Because Contingency Related to Work for Beneficiaries Apart from Estate Benefits, No Compliance Necessary With Probate Code Court Approval Requirements.
Okay, readers, here is an interesting cross-over case involving probate, retainer agreements, and contingency awards. The case is Sare v. Shad, Case No. C069573 (3d Dist. July 31, 2013) (unpublished).
In this one, an attorney agreed to represent two beneficiary sisters in matters relating to the conservatorship and eventual probate of an estate belonging to their half brother. In essence, sisters and attorney agreed that attorney was entitled to a third of any amount recovered from half brother’s estate. Unfortunately, he died, but delegated the work to another attorney which eventually garnered almost $823,000 for the benefit of sisters, a benefit payable from half brother’s estate.
The trial court found decedent attorney was entitled to his third contingency “cut” despite the fact he died.
The appellate court agreed. The “saving grace”--and an important drafting retainer point for contingency attorneys in any context (but especially where conservatorship/probate issues are present)-- is to include a retainer clause that allowed the (prior) deceased attorney to delegate work to other attorneys. That clause was present in this controversy, justifying the fee award in the eyes of both the trial and appellate courts.

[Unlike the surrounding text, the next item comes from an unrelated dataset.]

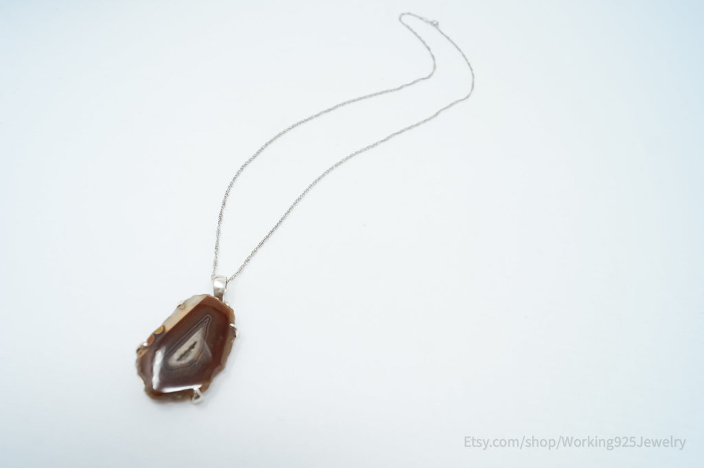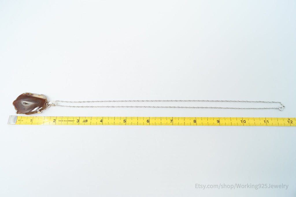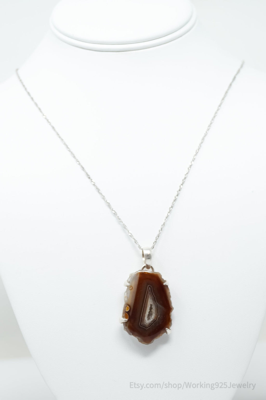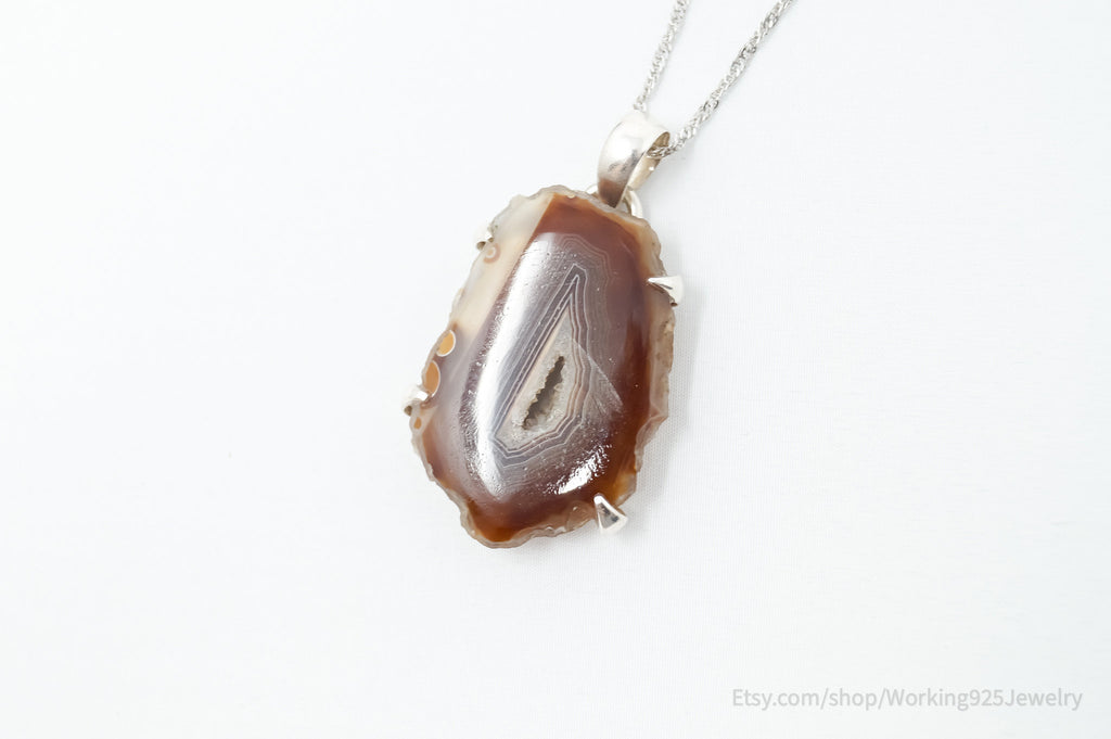 Vintage Large Brown Crazy Lace Agate Sterling Silver Necklace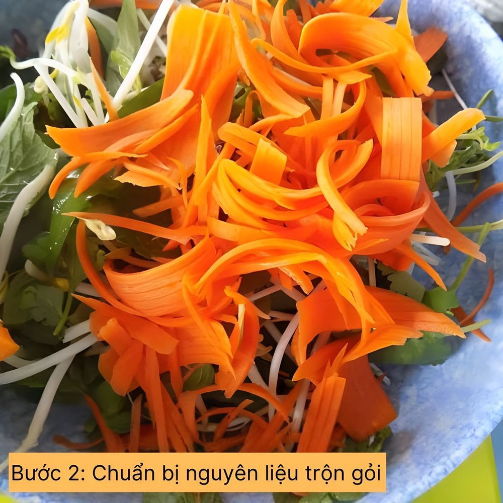 Cà rốt bào sợi, dưa leo thái mỏng, hành tây thái mỏng ngâm với giấm và đường cho bớt hăng. Rau răm nhặt rửa sạch.

Sisters also argued that the contingency fee was not recoverable because the contingency agreement had not been pre-approved by the probate court under Probate Code sections 2644 and 10811(c). This was not found persuasive because these provisions only applied to a fee agreement made for the advantage of half brother’s estate; here, the agreement was for the benefit of sisters so that they might become or remain as estate beneficiaries. No compliance was necessary with these Probate Code provisions.